◆ **Provided information**
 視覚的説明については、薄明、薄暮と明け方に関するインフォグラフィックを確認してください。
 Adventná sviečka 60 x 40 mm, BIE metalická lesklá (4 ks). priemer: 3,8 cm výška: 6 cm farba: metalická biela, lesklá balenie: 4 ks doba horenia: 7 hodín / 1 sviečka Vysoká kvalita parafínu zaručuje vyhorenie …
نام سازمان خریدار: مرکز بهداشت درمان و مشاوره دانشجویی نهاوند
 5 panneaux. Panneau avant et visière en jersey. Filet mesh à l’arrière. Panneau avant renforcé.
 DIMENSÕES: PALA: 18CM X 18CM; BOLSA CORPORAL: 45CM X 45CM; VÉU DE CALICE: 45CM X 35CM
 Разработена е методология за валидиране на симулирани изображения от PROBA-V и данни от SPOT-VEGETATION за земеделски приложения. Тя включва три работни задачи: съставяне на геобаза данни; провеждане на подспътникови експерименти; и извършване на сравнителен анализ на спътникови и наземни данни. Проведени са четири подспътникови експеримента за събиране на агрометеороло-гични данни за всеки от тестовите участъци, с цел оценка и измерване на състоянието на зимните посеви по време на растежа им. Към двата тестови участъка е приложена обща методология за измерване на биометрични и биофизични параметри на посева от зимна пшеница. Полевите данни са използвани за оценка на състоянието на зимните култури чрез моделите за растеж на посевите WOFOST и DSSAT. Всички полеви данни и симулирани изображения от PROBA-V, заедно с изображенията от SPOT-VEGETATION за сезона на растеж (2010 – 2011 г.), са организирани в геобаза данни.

* * *

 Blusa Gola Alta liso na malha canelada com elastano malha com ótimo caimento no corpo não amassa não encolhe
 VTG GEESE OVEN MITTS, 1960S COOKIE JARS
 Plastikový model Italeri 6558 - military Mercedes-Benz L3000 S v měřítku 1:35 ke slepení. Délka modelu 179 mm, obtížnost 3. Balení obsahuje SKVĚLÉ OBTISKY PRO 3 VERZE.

* * *

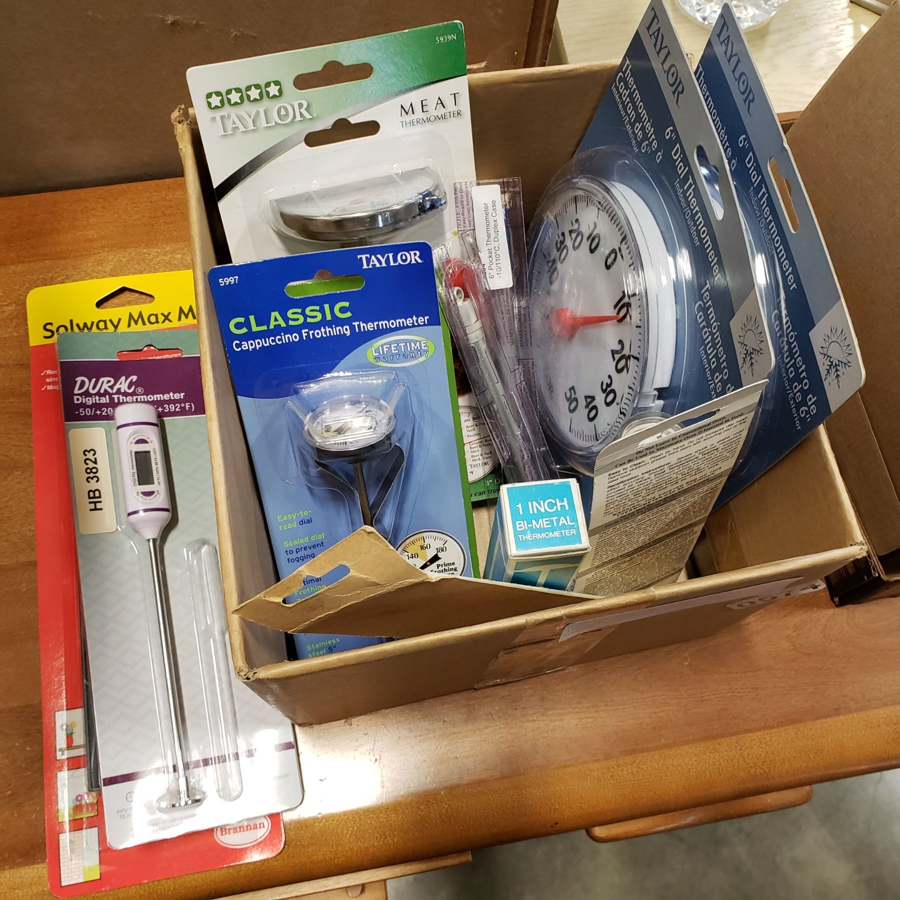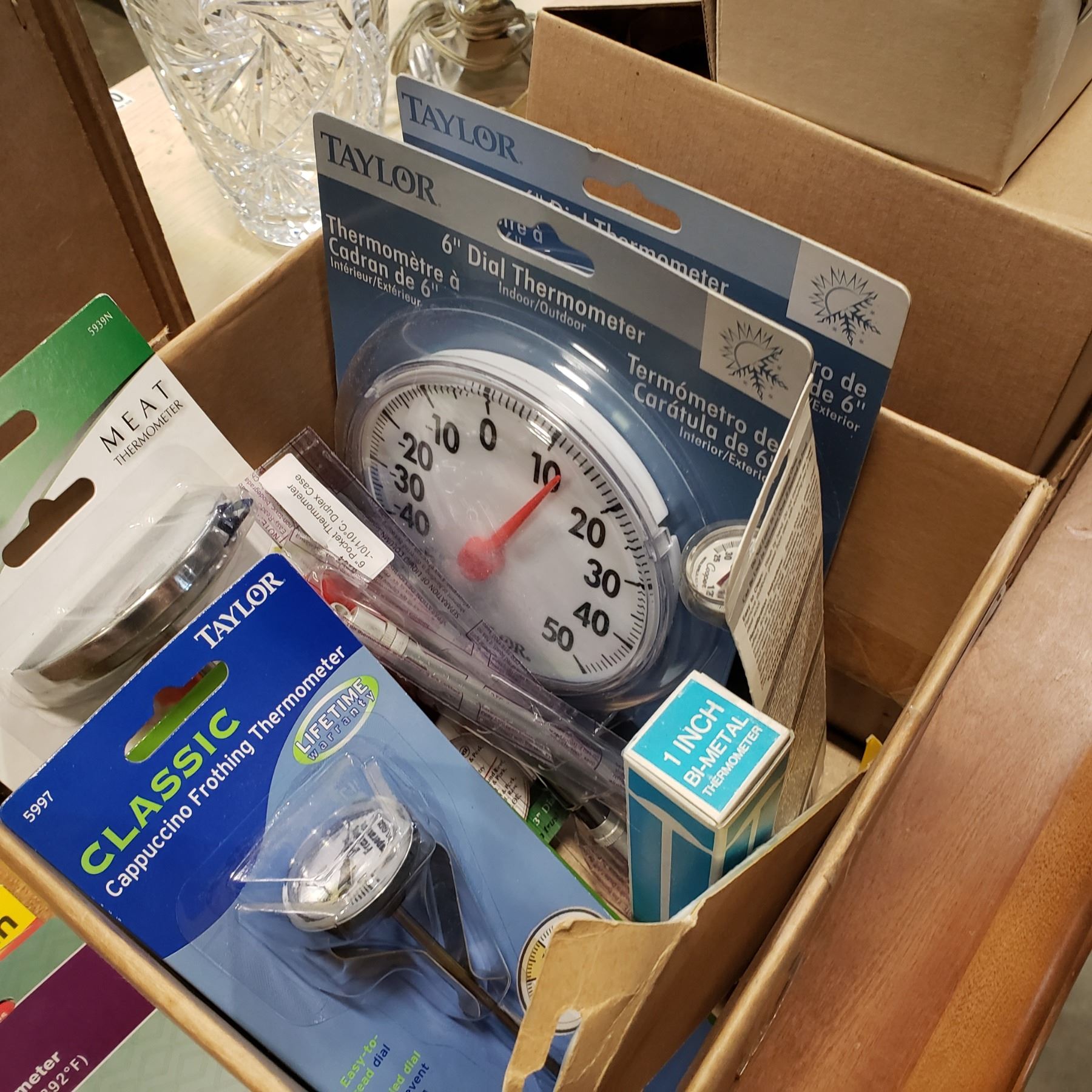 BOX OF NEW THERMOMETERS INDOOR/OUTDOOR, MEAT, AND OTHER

◆ **What you will do**
Reproduce exactly the section above that begins at the line containing "視覚的説明については、薄明、" and ends at the line containing "نام سازمان خریدار: مرکز", leaving out all other lines.

◆ **Expected answer**
 視覚的説明については、薄明、薄暮と明け方に関するインフォグラフィックを確認してください。
 Adventná sviečka 60 x 40 mm, BIE metalická lesklá (4 ks). priemer: 3,8 cm výška: 6 cm farba: metalická biela, lesklá balenie: 4 ks doba horenia: 7 hodín / 1 sviečka Vysoká kvalita parafínu zaručuje vyhorenie …
نام سازمان خریدار: مرکز بهداشت درمان و مشاوره دانشجویی نهاوند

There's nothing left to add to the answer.